Key questions remain after attacks
On Thursday, French prosecutors confirmed that Islamic State (IS) militant AbdelhamidAbaaoud was among those killed in a police raid the previous day.
His bullet-riddled body was found in the wreckage of a flat in the Paris suburb of Saint-Denis.
Investigators had identified him as the most likely organiser of last Friday's attacks, but it was initially thought he was in Syria.
At a news conference, Mr Cazeneuve said "no information" had been received from other European countries about his arrival on the continent.
But he said he had received intelligence that Abaaoud had passed through Greece on his return from Syria.
"It is urgent that Europe wakes up, organises itself and defends itself against the terrorist threat," Mr Cazeneuve told reporters.
French Prime Minister Manuel Valls said some of those involved in the attacks had taken advantage of the migration crisis in Europe - which has seen thousands of asylum seekers arrive on the continent - to "slip into" France unnoticed.
One of the attackers, who blew himself up outside the Stade de France, has been traced by his fingerprints to Greece where he was registered as a migrant.
A draft resolution for Friday's EU meeting says ministers will agree to implement "necessary systematic and co-ordinated checks at external borders, including on individuals enjoying the right of free movement".

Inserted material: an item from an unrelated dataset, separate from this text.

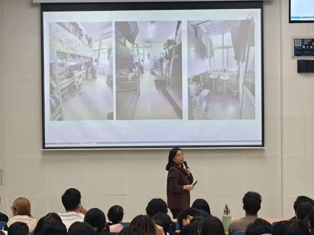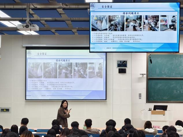 最后,优秀宿舍代表刘竹结合实践经验分享建设心得。她指出,宿舍要以学为基,聚焦专业课难点展开研讨,让互助学习成为日常;以洁为要,推行轮流值日制度,用清晰分工压实责任,在长期坚持中,逐步形成互督共进、默契十足的良好氛围。这些源于实际的鲜活做法,不仅让在场学生直观掌握了优质宿舍的打造逻辑,更为后续宿舍文明创建提供了有力借鉴。
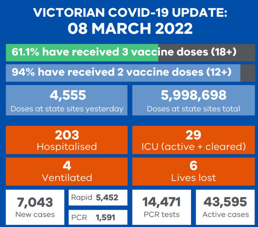 Victoria recorded 7,043 new COVID cases and six deaths:

Correspondents say Belgium has found itself under pressure after the attacks. French President Francois Hollande said they were "planned in Syria, prepared and organised in Belgium".
A former senior French intelligence official has also been quoted in French media as saying that "the Belgians just aren't up to it".
In an address to parliament on Thursday, Belgian Prime Minister Charles Michel said it was intelligence from his country's security services that had led to the huge raid in Saint-Denis.
"I do not accept the criticisms which were aimed at denigrating the work of our security services," he said.
Mr Michel unveiled new security measures including jailing jihadists returning from Syria and extending detention periods for terror suspects.